Tuesday, June 6, 2017

Certiorari Atrium Summi


As another Lame Cherry exclusive in matter anti matter.

I am not going to make public as to why the Lame Cherry advocates that the President engage in the following, but it is necessary, and if the Trump Administration would care to have a full briefing off the record, their conduits could do more than read the blog, but contact me and I will fill in the details.

Historically the President had the authority to impound funds or not spend money which he deemed a waste of the People's funds. This was the necessary checks and balances, but was negated in the rampage of Legislative and Judicial over reach in attacking President Richard Nixon, who should have never complied with the witch hunt against him, infringing upon Executive Authority.

Impoundment is an act by a President of the United States of not spending money that has been appropriated by the U.S. Congress. Thomas Jefferson was the first president to exercise the power of impoundment in 1801. The power was available to all presidents up to and including Richard Nixon, and was regarded as a power inherent to the office. The Congressional Budget and Impoundment Control Act of 1974 was passed in response to perceived abuse of the power under President Nixon. Title X of the act, and its interpretation under Train v. City of New York, essentially removed the power. The president's ability to indefinitely reject congressionally approved spending was thus removed.

In his federal departments, have control over their budgets. The Lame Cherry advocates that President Trump direct Sec.

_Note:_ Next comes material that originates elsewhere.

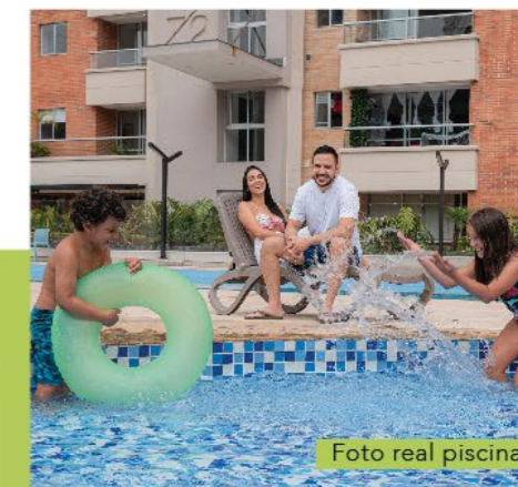
Foto real piscinas

Munchkin of Treasury to withhold payment in foreign aid and the United Nations.

At this point the President directs the Justice Department to petition review of the Treasury Department's actions as is required by law by the Supreme Court, and to revisit it's interpretation of the high court's ruling, based upon dissenting opinions.
As there is absolutely not any statement in Article III of the Constitution banning this action, the court must comply, as the court can issue Centiorari for lower courts, it certainly can issue Cert for it's own former rulings.

In many instances, the Court has adopted the opinion of a dissenting Justice years later in reviewing an issue.

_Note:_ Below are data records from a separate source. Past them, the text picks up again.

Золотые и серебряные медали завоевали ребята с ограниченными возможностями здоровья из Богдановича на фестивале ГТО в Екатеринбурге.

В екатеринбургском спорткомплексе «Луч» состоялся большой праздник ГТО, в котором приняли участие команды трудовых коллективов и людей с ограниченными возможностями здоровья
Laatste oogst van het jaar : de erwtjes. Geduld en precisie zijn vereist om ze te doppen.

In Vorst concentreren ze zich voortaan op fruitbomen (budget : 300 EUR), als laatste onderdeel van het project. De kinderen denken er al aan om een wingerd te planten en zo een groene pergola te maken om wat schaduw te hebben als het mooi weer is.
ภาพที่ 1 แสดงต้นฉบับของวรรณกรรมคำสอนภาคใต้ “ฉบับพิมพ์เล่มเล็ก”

The court has a history of overruling itself, in hearing cases brought before the Appeals Courts, but there is not any limitation on the Executive, in fact there is a reality that the Executive can not be denied a right without redress. Meaning the Executive can not be held hostage by the Legislative in waiting for a law to be passed to uphold the Executive's rights.

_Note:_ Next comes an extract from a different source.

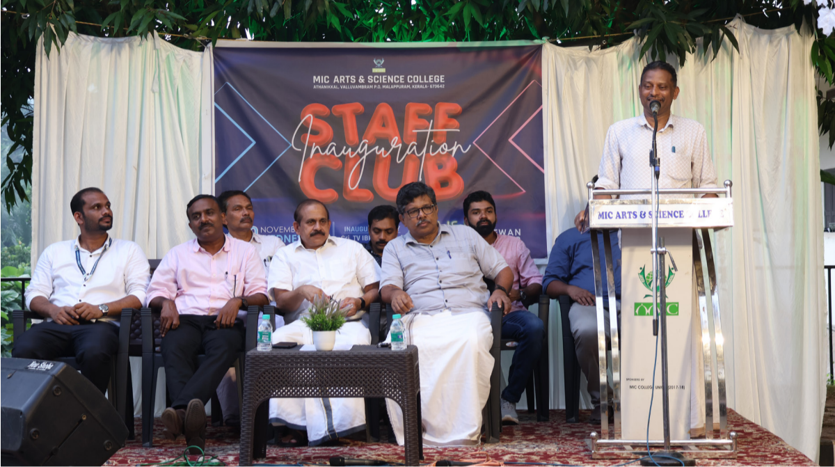
കോളേജിലെ അധ്യാപകർ ചേർന്നുകൊണ്ട് സ്റ്റാഫ് ക്ലബ്ബ് പ്രോഗ്രാമിന് തുടക്കം കുറിച്ചപ്പോൾ
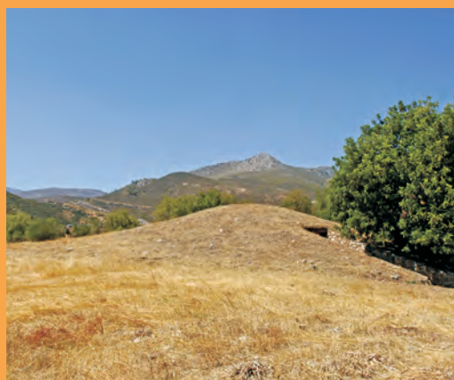
Ο τύμβος των Πλαταιέων

πλεονεκτήματα του δικού του στρατού και εξουδετέρωσε αυτά του αντιπάλου.

In fact the Obama regime engaged in such a petition on a Court ruling on immigration.

Obama Administration Asks Supreme Court To Revisit ... - HuffPost

Obama Administration Asks Supreme Court To Revisit Deadlocked Immigration Case ... my nominee to the Supreme Court," Obama said at the time. ...

The Executive should not be held hostage to waiting for future cases to appear in lower courts on appeal to rectify incorrect court decisions.

However, it is more likely that the Supreme Court overrules its own decisions. The court might decide to review an earlier case in response to changing cultural views. In Pace v. Alabama, the court upheld state laws banning interracial marriage based on a view that such laws protected white marriages. Eighty years later, the Court overruled the Pace decision in Loving v. Virginia, ruling marriage discrimination laws were not legal.

Alexander Hamilton wrote of the necessity that the Legislative can not engage in it's own pleasure over the Executive, just as the court must define it's rulings by the Constitution and not by it's own will or legislating from the bench.

Hamilton continues. . .
It can be of no weight to say that the courts, on the pretense of a repugnancy, may substitute their own pleasure to the constitutional intentions of the legislature. This might as well happen in the case of two contradictory statutes; or it might as well happen in every adjudication upon any single statute. The courts must declare the sense of the law; and if they should be disposed to exercise WILL instead of JUDGMENT, the consequence would equally be the substitution of their pleasure to that of the legislative body. The observation, if it prove any thing, would prove that there ought to be no judges distinct from that body

Dissenting opinions are a part of this process, and in the case of the Clinton Line Item Veto which the courts overturned, it was liberal Stephen Breyer who dissented correctly in the opinion. Liberals are not always the enemy of the people or the federal.

In a dissenting opinion, Justice Stephen Breyer contended that the objective of the Act was constitutionally proper and was consistent with powers that the President has held in the past, stating that the Act "does not violate any specific textual constitutional command, nor does it violate any implicit Separation of Powers principle." He extensively refers to many different cases which support the delegation of power by the Congress, and primarily suggests that the Act is an efficient means by which a constitutionally legitimate end may be achieved.

With this do nothing Congress, and now a High Court numbering a majority of constructionists as in Sam Alito and proven justices as in Stephen Breyer who advocate for the Executive and the People, the White House has the standing to require the Supreme Court to review it's cases on agency actions, and thereby rectify the mistakes of past courts caught up in frenzies of Watergate or courts making Constitutional mistakes which the minority opinions warned of.

There is a definitive reason the Lame Cherry is counseling the above, but will not make it public. Instead having been proven right by God's Grace in every counsel posted here, and would lay out the method to this madness in private, but it is vital for President  Trump to take this action and set precedent. He must retrieve the full power of the Executive by neutralizing the over reaches of the other branches.